Ownership Concentration in Privatized Firms: The Role of Disclosure Standards, Auditor Choice, and Auditing Infrastructure


  • We thank Najah Attig, Ray Ball, Phil Beaulieu, Jochen Bigus, Narjess Boubakri, Jean-Claude Cosset, Shane Dikolli, John Eichenseher, Sadok El Ghoul, Steve Fortin, Ken Klassen, Richard Leftwich (the editor), Clive Lennox, Gordon Roberts, Oumar Sy, Josep Tribó, and especially an anonymous referee for insightful comments. Our research has also benefited from comments from participants at the 2006 AAA Annual Meeting in Washington, the 2006 FMA European Conference in Stockholm, the 2006 AAA Audit Midyear Meeting in Los Angeles, the 2005 International Conference on Finance in Copenhagen, the 10th Symposium on Finance, Banking, and Insurance in Karlsruhe, the 2005 Northern Finance Association Meeting in Vancouver, and the 3rd International Conference on Corporate Governance in Birmingham. Finally, we appreciate generous financial support from the Social Sciences and Humanities Research Council and excellent research assistance from Mouafek Abada and Dermot Murphy. All errors remain solely our responsibility.

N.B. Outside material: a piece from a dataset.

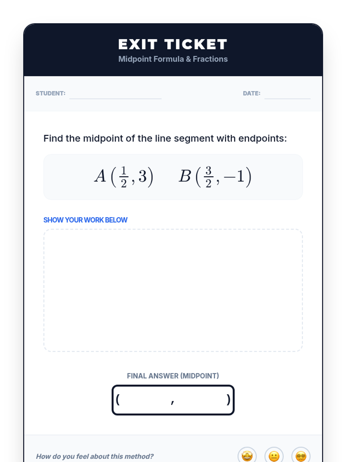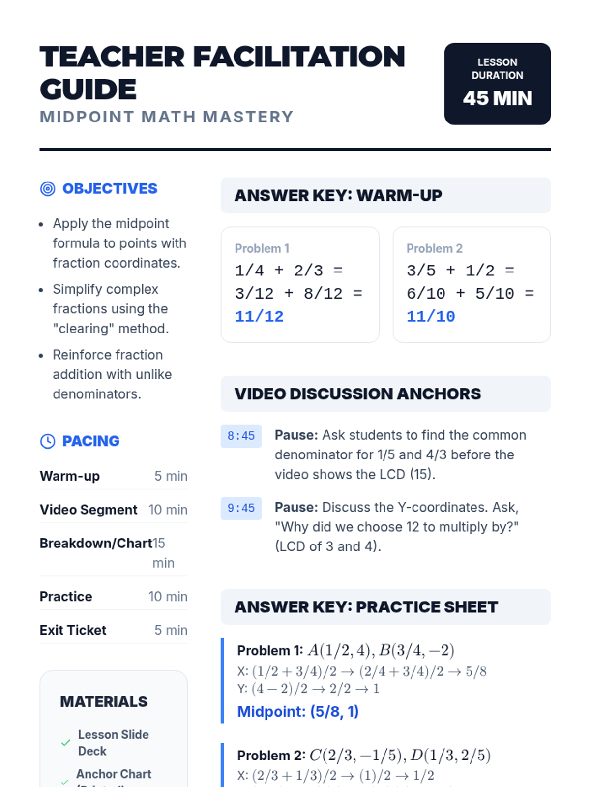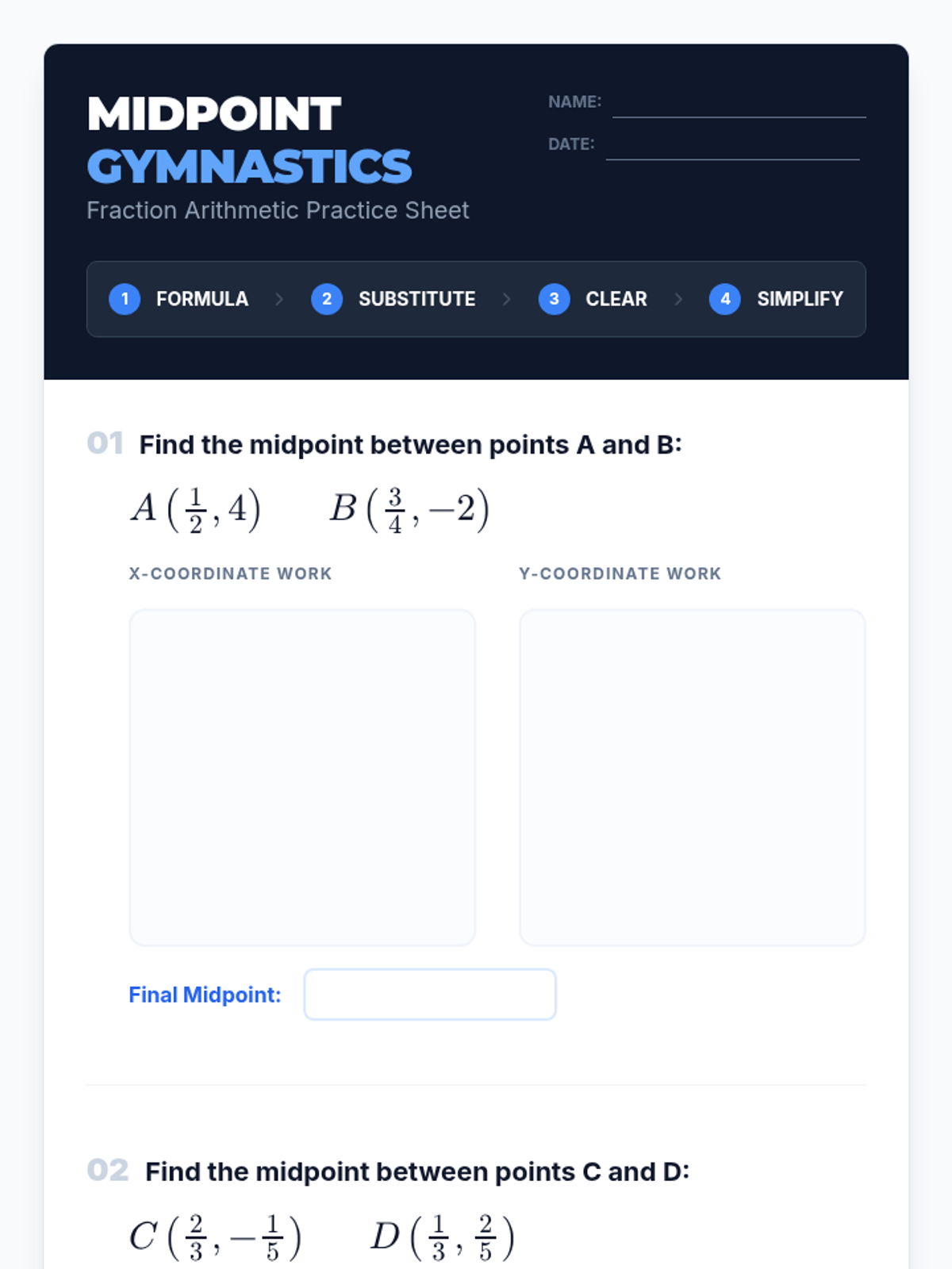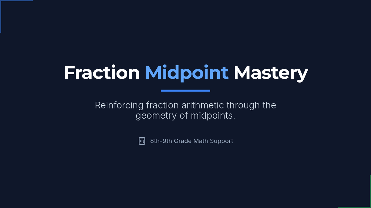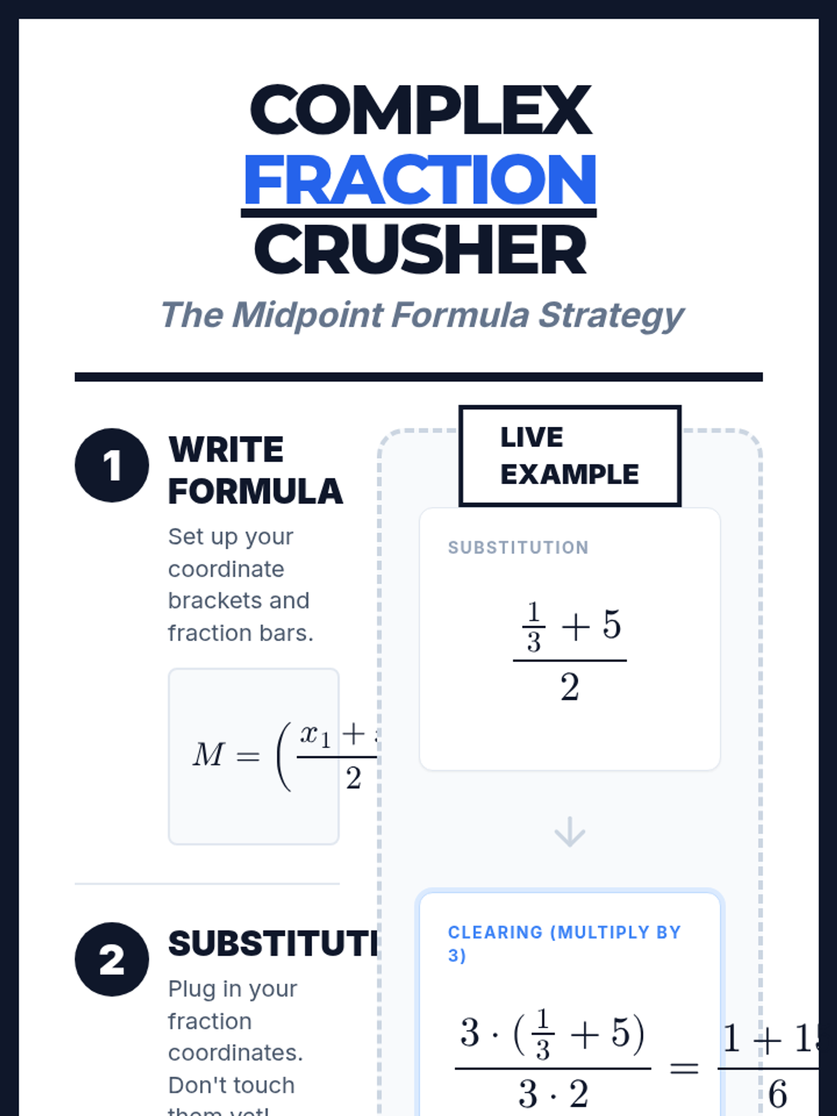 A specialized math support lesson that uses the Midpoint Formula to reinforce fraction arithmetic, specifically finding common denominators and simplifying complex fractions.

We rely on a unique data set to estimate the impact of disclosure standards and auditor-related characteristics on ownership concentration in 190 privatized firms from 31 countries. Accounting transparency can help alleviate the agency conflict between minority investors and controlling shareholders, which is evident in the extent of ownership concentration, since the expropriation of corporate resources hinges on these private benefits remaining hidden. After controlling for other country-level and firm-level determinants, we find weak (no) evidence that extensive disclosure standards (auditor choice) reduce ownership concentration. In contrast, we report strong, robust evidence that ownership concentration is lower in countries with securities laws that specify a lower burden of proof in civil and criminal litigation against auditors, consistent with Ball's [2001] predictions. Collectively, our research implies that minority investors worldwide value legal institutions that discipline auditors in the event of financial reporting failure over both the presence of a Big 5 auditor and better disclosure standards. Re-estimating our regressions on a broad sample of western European public firms provides similar evidence on all of our predictions.